Bonjour chers producteurs, chères productrices de la région de Kara. je suis votre fils, votre frère N’KORE Tchamsè Arite Lazare

Permettez-moi de vous poser une question: “Qui parmi vous a déjà semé après une bonne pluie, puis vu ses jeunes plants souffrir parce que la pluie s'est arrêtée pendant plusieurs semaines ?”

Je suis sûr que beaucoup d'entre vous ont vécu cette situation. Nos parents nous disent souvent que les pluies ne sont plus comme avant.
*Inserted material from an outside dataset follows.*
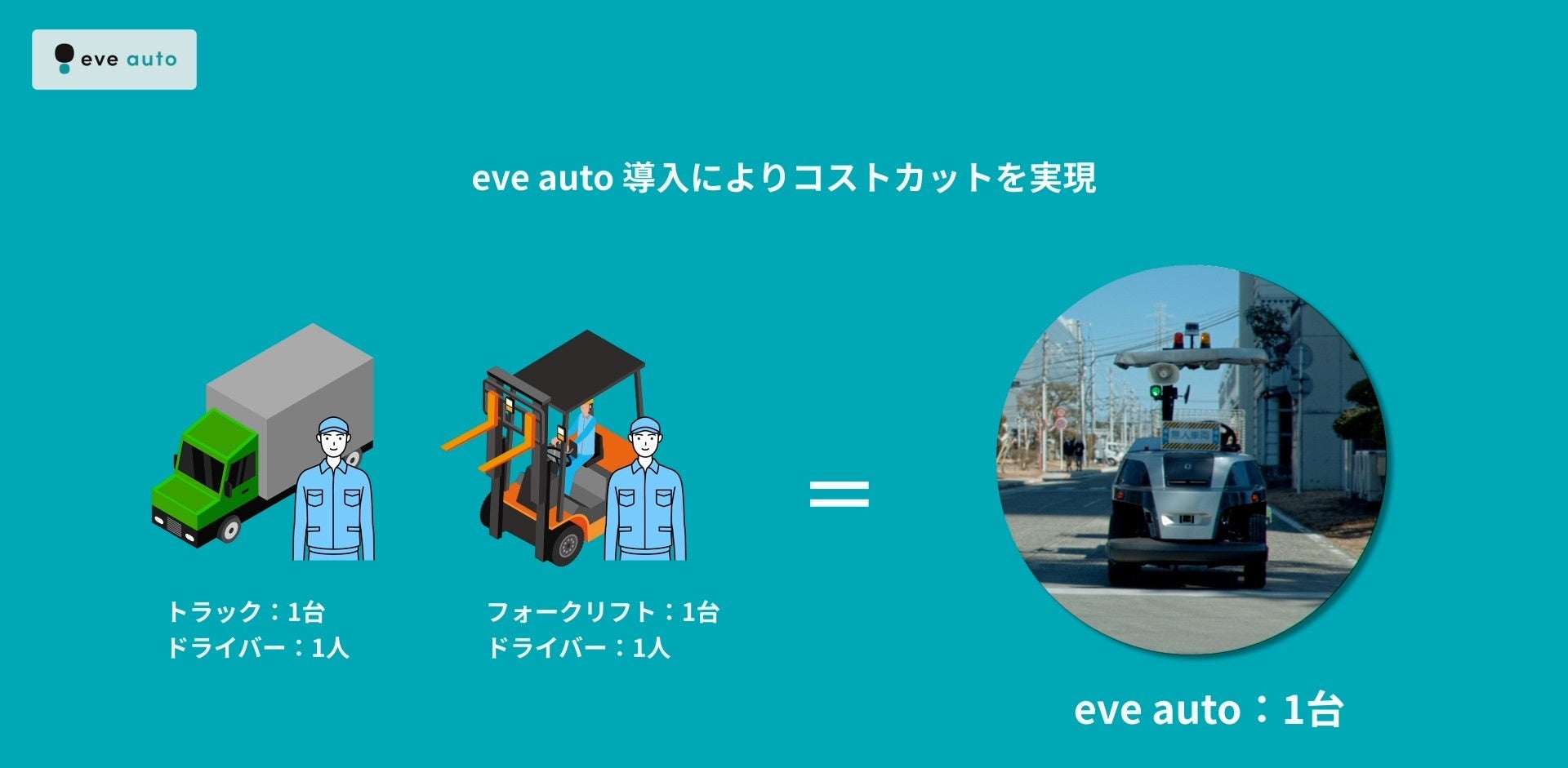 ~『eve auto』1台の導入で、トラック1台・フォークリフト1台分の運用コストを削減~

Aujourd'hui, les scientifiques confirment ce que nous observons dans nos champs : le climat est en train de changer.

Les pluies arrivent parfois en retard, s'arrêtent brusquement ou tombent de manière irrégulière. La chaleur devient plus forte et les sols se dessèchent plus rapidement. Face à cette situation, devons-nous abandonner l'agriculture ?

La réponse est non. Nous devons plutôt nous adapter. Comme le dit un proverbe africain : « Ce n'est pas parce que le vent change de direction que l'oiseau cesse de voler. » Pour mieux faire face à la sécheresse, certaines cultures peuvent nous aider.

Le sorgho et le mil, par exemple, résistent mieux au manque d'eau que beaucoup d'autres cultures. Le fonio pousse rapidement et peut continuer sa croissance après une période sèche. Le niébé et le voandzou nourrissent la famille tout en améliorant la fertilité du sol. Le sésame et l'arachide peuvent également apporter des revenus intéressants même lorsque les pluies sont faibles.

Ces cultures ne sont pas nouvelles. Beaucoup de nos parents les cultivaient déjà. Aujourd'hui, la science confirme leur importance pour faire face au changement climatique.

Mais choisir les bonnes cultures ne suffit pas. Il faut aussi protéger nos sols. Lorsque nous laissons le sol nu, le soleil emporte rapidement son humidité. C'est pourquoi le paillage est très utile.

Le paillage conserve l'eau du sol comme un couvercle garde la chaleur dans une marmite.

Le compost permet également d'améliorer la fertilité et de retenir davantage d'eau.

Les arbres comme le moringa, le néré ou le karité peuvent aussi protéger les champs et améliorer les revenus des ménages.

Chers producteurs,

Nos ancêtres nous ont transmis des connaissances précieuses. Ils observaient les vents, les arbres, les oiseaux et les insectes pour comprendre les saisons.

Aujourd'hui, nous devons combiner ces savoirs avec les informations scientifiques et les prévisions météorologiques.

La meilleure solution est de faire travailler ensemble les connaissances des anciens et celles des chercheurs.

Retenons trois messages importants :

Premièrement, diversifier les cultures réduit les risques.

Deuxièmement, protéger le sol permet de conserver l'eau.

Troisièmement, les cultures résistantes à la sécheresse sont une assurance pour l'avenir de nos familles.

Ensemble, nous pouvons rendre notre agriculture plus forte face au changement climatique.